Feds could tell you when to drive if carbon price law stands, court told

Feds could tell you when to drive if carbon price law stands, court told

Ontario’s constitutional challenge against the federal government gets underway

The federal government will end up with the power to regulate almost every facet of life — such as when you can drive or where you can live — if its law aimed at curbing harmful greenhouse gas emissions is allowed to stand, Ontario’s top court heard Monday.

Ottawa’s climate-change law is so broad, a lawyer for the province told the start of a four-day Appeal Court hearing, that it would give the federal government powers that would be destabilizing to Canada in the name of curbing the cumulative effects of global-warming emissions.

READ MORE: B.C. carbon tax up April 1, other provinces begin to catch up

“They could regulate where you live. How often you drive your car,” Josh Hunter told the five-justice panel. “It would unbalance the federation.”

In his submissions, Hunter was categorical that Ontario’s constitutional challenge to the federal Greenhouse Gas Pollution Pricing Act was not intended to be a debate on the realities or dangers of global warming. What’s at stake, he said, is which level of government has the power to deal with the problem.

“Which measure is the best measure — the most efficient measure — is best left for legislatures to decide,” Hunter said. “Which legislature? That’s what we’re here to decide.”

The federal government law that kicked in on April 1 imposed a charge on gasoline and other fossil fuels as well as on industrial polluters. The law applies only in those provinces that have no carbon-pricing regime of their own that meets national standards — Ontario, Manitoba, Saskatchewan and New Brunswick.

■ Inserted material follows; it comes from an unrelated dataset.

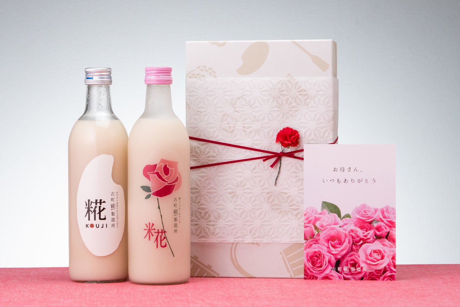 ロート製薬株式会社と共同開発した化粧品「糀肌」付きのギフトセットは、身体の内側と外側から糀の力でお母さんの綺麗をサポートします。
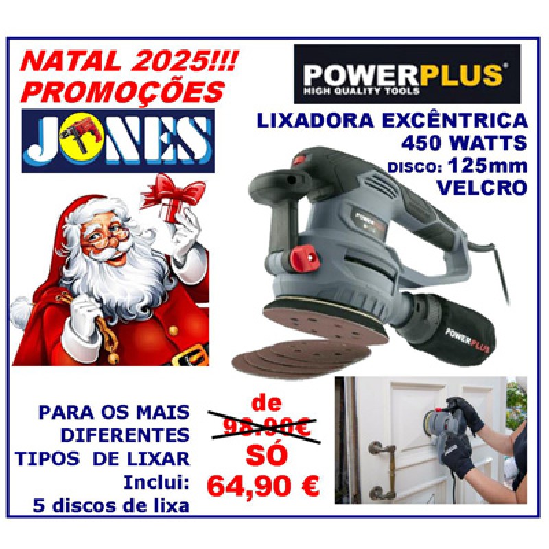 LIXADORA EXCÊNTRICA POWER PLUS 450 WATTS LIXAS VELCRO DE 125 MM

The Liberal government, which is due to make its submissions on Tuesday, insists its law is an appropriate response to the nationally important issue of climate change. It maintains the legislation was designed to “fill in the gaps” where provincial measures aren’t up to snuff. The aim, the government says, is to cajole people into changing their behaviour.

The federal law, Hunter also said, puts a “tax” on ordinary people every time they drive to work or heat their homes, which he said was too much of a burden.

As the justices pointed out, Ottawa is promising to return the money it collects to people in the affected provinces to offset the charge.

Hunter, however, said the rebates — via the federal climate action incentive — flow to everyone in the impacted province regardless of whether they drive at all, for example.

“It’s not just that you get back what you give,” he said.

Progressive Conservative Premier Doug Ford insists Ontario can curb greenhouse gas emissions on its own and has already taken significant steps to do so.

Those steps, Hunter told the court, include shutting down coal-fired power plants — a measure in fact taken by the previous Liberal government — which has sharply reduced the province’s harmful emissions.

“Ontario is further ahead than all the other provinces,” Hunter said. “(But) none of those (steps) count towards determining whether Ontario has a stringent plan.”

In addition, he said, the province is developing a “made-in-Ontario environmental plan” that is still under consideration.

Fourteen interveners, including provinces such as Saskatchewan and B.C., Alberta Conservatives, Indigenous organizations who point out they are acutely vulnerable to global warming, as well as business and environmental groups, will get their say over the course of the hearing.